====== Data to process ======

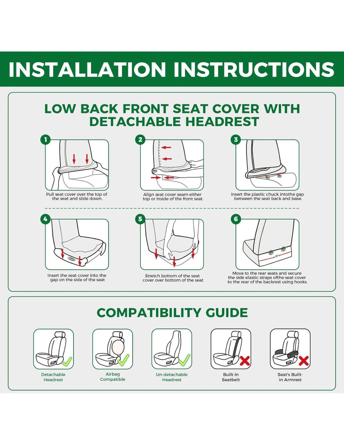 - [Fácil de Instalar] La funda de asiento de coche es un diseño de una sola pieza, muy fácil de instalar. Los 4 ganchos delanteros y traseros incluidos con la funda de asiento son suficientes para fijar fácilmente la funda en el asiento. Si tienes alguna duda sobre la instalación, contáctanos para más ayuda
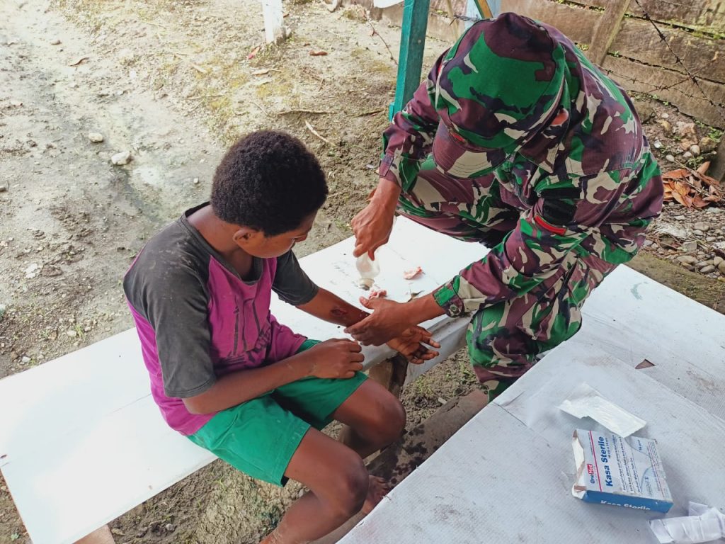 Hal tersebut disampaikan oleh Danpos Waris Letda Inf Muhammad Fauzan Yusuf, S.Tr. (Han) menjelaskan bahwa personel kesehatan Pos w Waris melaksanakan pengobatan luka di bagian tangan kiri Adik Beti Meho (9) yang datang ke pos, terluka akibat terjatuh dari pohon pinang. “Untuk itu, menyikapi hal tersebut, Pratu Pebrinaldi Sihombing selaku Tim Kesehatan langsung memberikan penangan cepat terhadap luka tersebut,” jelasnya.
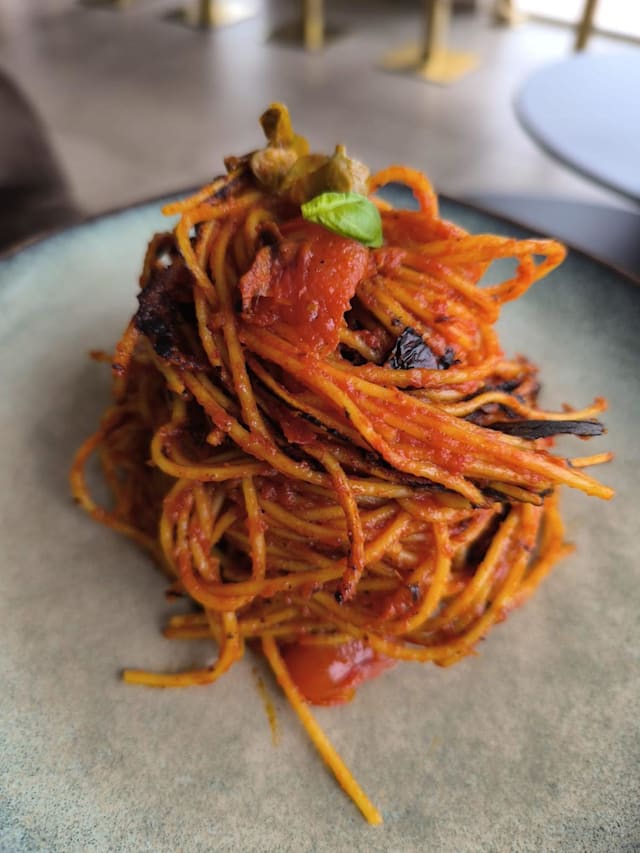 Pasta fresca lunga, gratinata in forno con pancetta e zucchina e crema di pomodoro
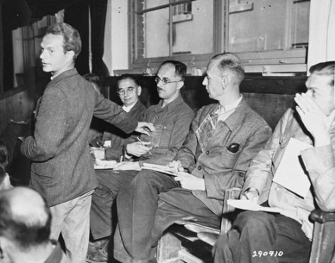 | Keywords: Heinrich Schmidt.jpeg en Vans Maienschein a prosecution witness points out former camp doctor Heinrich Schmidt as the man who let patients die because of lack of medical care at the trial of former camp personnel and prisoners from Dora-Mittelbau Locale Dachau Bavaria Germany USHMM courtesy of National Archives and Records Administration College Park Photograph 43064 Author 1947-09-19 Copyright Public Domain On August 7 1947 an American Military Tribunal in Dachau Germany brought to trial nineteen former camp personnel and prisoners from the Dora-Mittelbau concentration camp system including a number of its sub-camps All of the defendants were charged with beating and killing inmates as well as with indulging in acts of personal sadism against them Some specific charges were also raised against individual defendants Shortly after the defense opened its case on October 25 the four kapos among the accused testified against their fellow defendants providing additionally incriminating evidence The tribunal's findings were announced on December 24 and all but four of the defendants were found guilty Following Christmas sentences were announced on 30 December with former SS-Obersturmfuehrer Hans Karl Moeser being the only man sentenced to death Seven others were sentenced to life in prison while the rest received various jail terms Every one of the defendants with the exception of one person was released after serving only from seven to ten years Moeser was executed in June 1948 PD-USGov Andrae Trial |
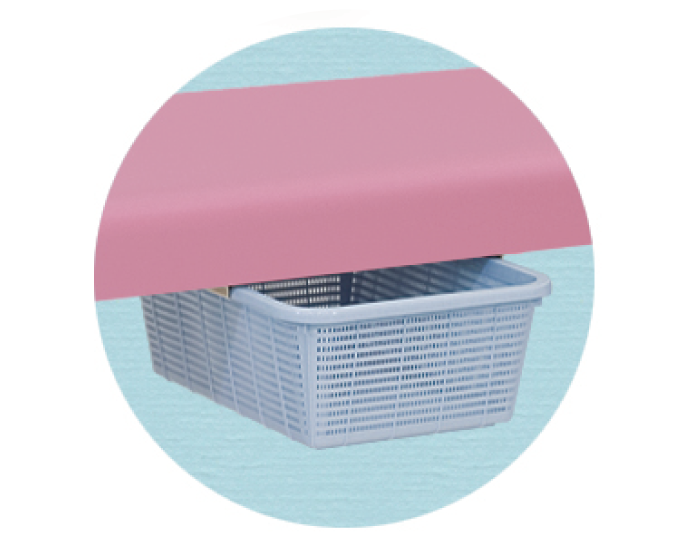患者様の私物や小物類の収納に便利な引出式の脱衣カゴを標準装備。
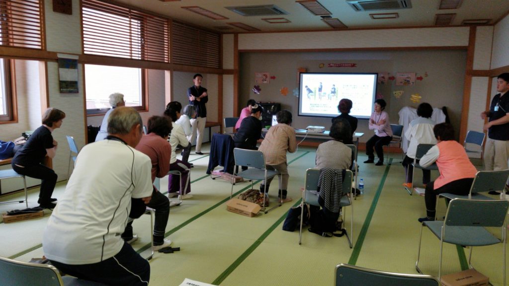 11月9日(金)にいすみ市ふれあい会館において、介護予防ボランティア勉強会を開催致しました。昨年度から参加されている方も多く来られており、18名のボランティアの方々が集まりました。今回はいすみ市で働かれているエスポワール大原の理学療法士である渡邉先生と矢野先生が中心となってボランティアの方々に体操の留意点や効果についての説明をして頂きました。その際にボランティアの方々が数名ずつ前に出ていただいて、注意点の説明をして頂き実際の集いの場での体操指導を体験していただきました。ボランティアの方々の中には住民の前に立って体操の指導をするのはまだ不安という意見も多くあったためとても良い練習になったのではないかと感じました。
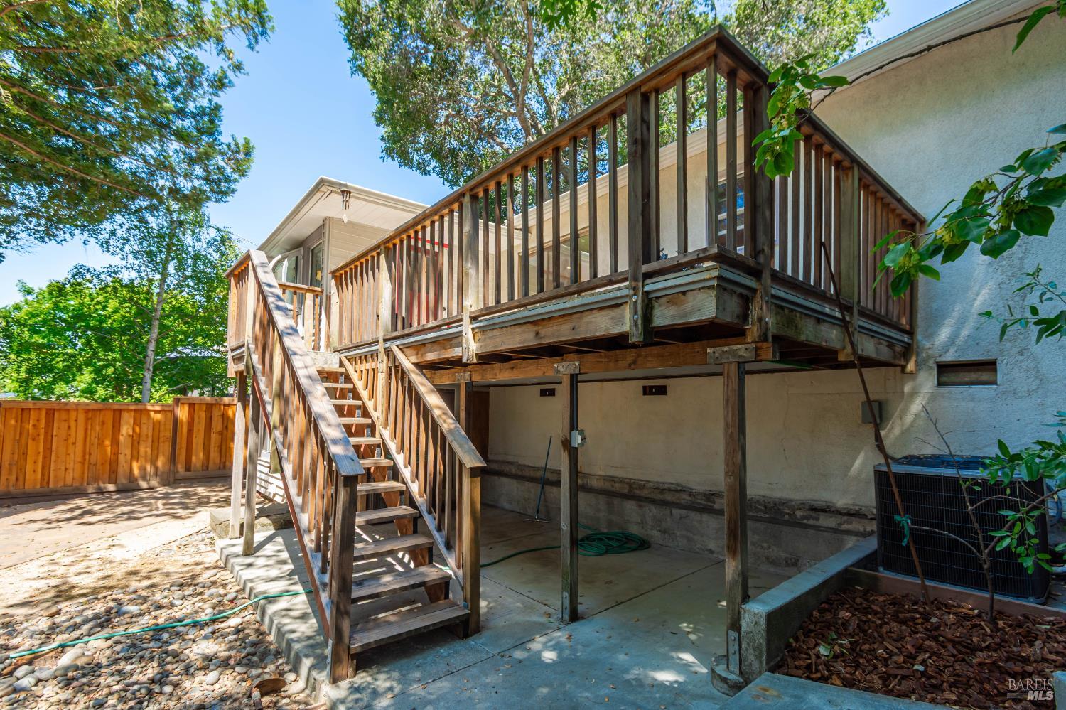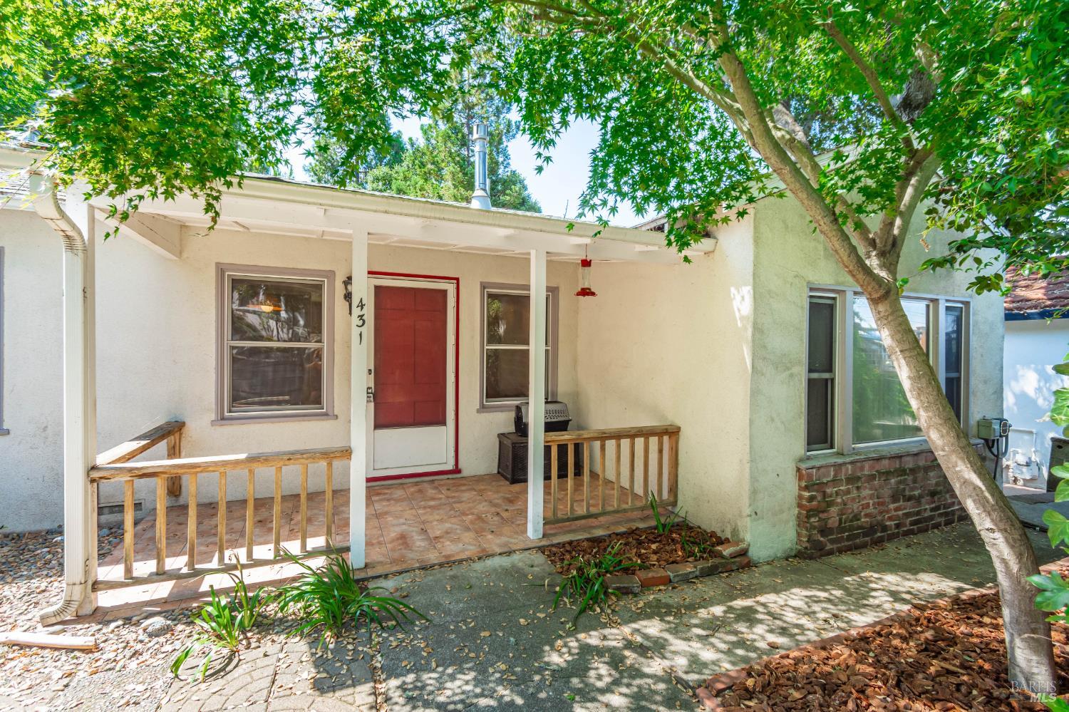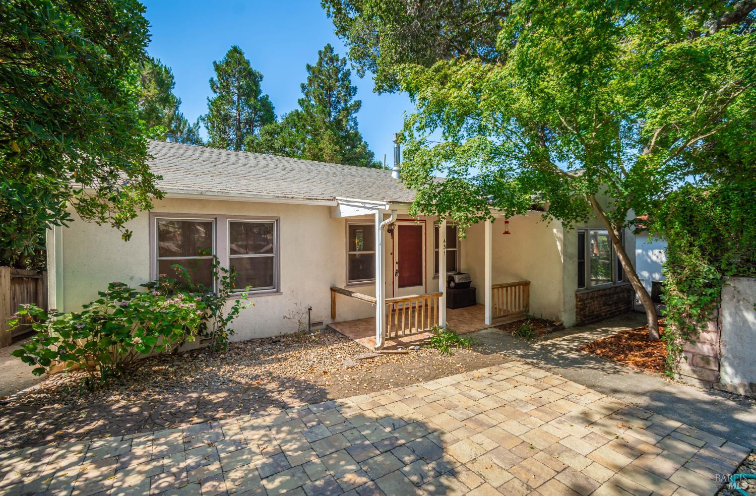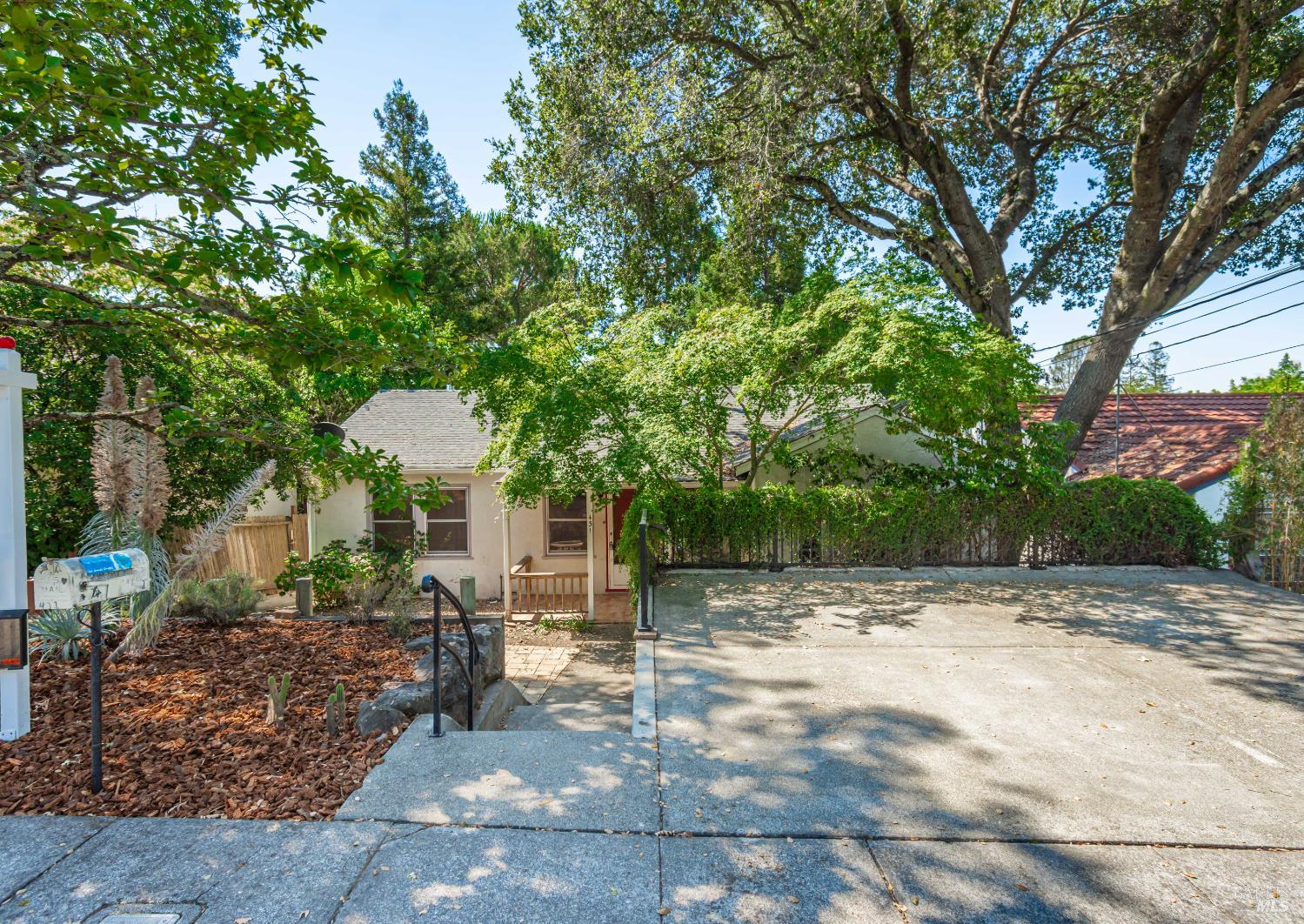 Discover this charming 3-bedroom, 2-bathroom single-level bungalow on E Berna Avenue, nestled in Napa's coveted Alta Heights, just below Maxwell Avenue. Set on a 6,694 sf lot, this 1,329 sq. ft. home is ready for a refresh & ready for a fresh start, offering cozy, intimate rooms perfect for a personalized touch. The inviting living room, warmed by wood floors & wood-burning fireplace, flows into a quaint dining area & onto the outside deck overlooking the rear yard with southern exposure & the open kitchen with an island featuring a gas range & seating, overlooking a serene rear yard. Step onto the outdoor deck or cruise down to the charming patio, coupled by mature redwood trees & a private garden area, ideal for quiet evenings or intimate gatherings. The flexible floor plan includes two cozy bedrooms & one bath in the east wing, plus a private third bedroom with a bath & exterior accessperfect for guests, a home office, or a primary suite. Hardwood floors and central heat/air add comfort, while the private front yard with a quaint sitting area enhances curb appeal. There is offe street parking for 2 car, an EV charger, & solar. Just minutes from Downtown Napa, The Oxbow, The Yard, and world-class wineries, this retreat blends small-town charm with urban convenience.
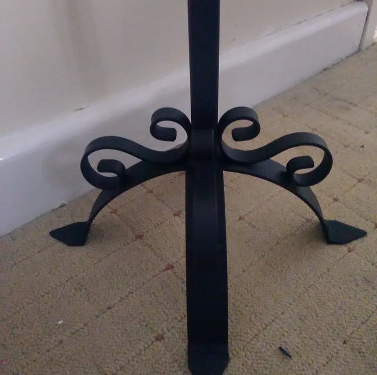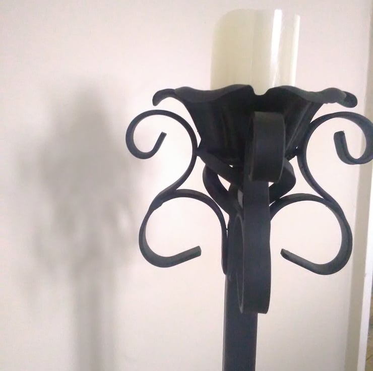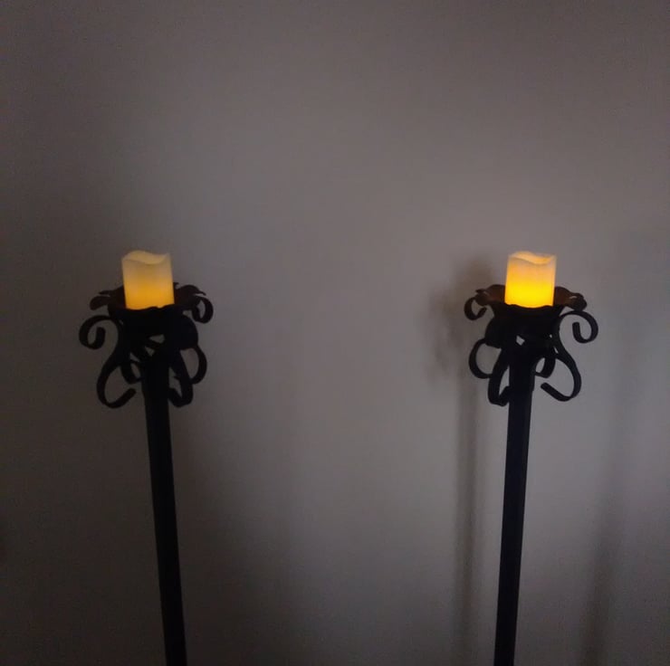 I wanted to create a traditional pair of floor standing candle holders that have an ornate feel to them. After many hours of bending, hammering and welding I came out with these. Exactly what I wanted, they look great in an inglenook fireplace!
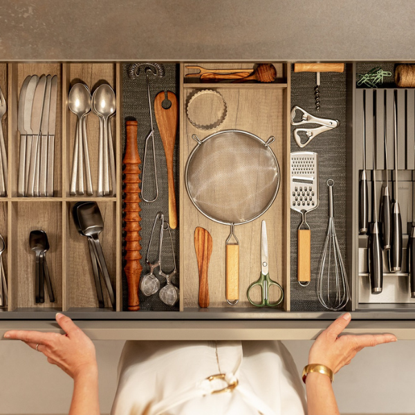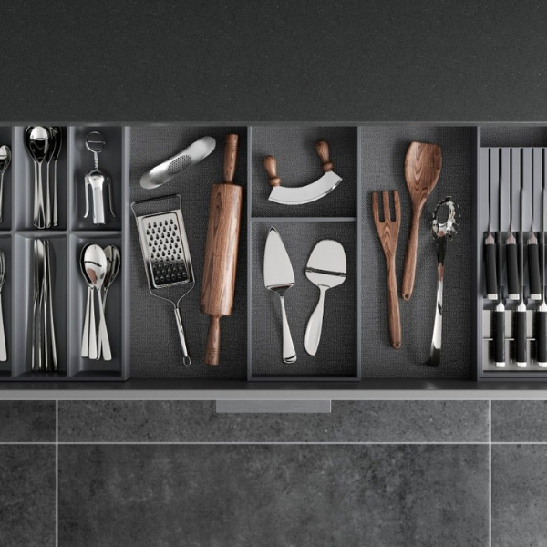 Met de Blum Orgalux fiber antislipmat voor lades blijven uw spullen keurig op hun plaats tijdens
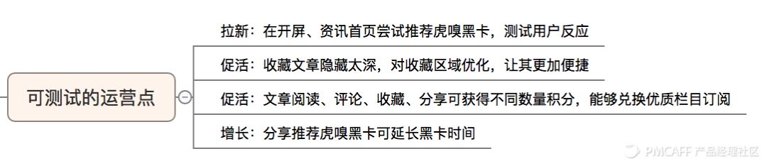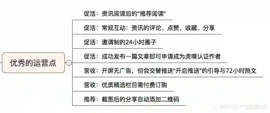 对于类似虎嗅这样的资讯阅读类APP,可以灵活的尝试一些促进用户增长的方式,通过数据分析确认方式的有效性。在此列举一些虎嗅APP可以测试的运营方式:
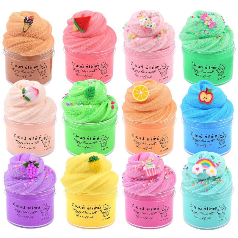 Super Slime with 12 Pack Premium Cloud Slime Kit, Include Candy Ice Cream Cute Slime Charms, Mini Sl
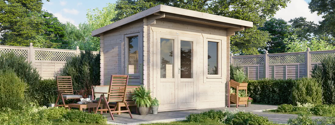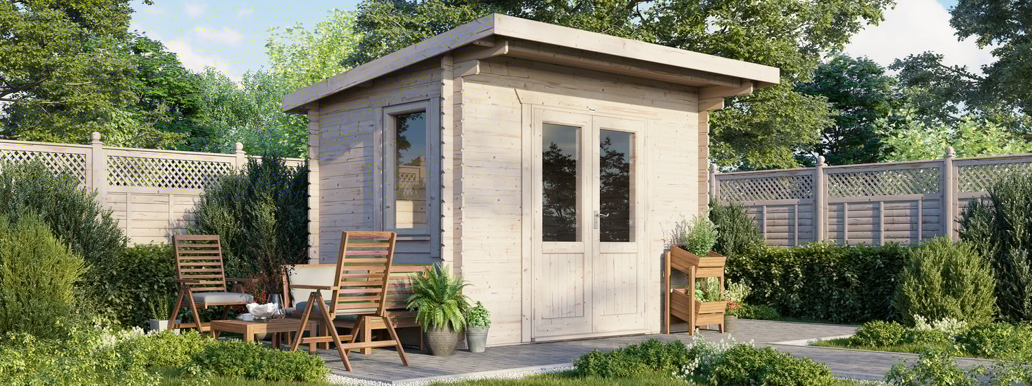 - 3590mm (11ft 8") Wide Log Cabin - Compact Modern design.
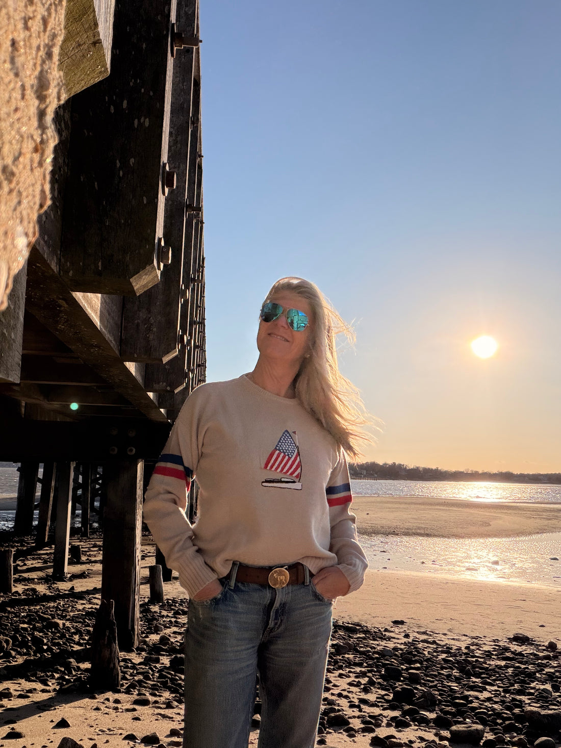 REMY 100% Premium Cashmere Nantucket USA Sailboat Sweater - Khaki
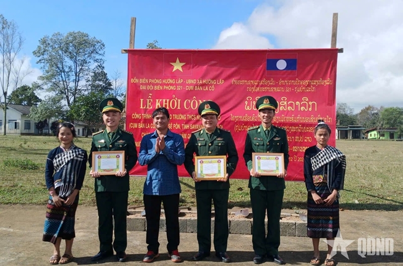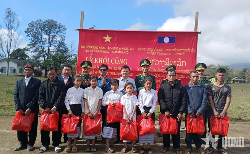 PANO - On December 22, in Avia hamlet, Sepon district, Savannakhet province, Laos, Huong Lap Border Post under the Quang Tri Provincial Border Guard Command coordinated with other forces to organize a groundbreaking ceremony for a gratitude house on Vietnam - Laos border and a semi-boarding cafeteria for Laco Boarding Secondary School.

======

Of the lines above, copy only those from the one holding "I wanted to" to the one holding "Super Slime with", both included, and exclude every image.

Written reply >>
 I wanted to create a traditional pair of floor standing candle holders that have an ornate feel to them. After many hours of bending, hammering and welding I came out with these. Exactly what I wanted, they look great in an inglenook fireplace!
 Met de Blum Orgalux fiber antislipmat voor lades blijven uw spullen keurig op hun plaats tijdens
 对于类似虎嗅这样的资讯阅读类APP,可以灵活的尝试一些促进用户增长的方式,通过数据分析确认方式的有效性。在此列举一些虎嗅APP可以测试的运营方式:
 Super Slime with 12 Pack Premium Cloud Slime Kit, Include Candy Ice Cream Cute Slime Charms, Mini Sl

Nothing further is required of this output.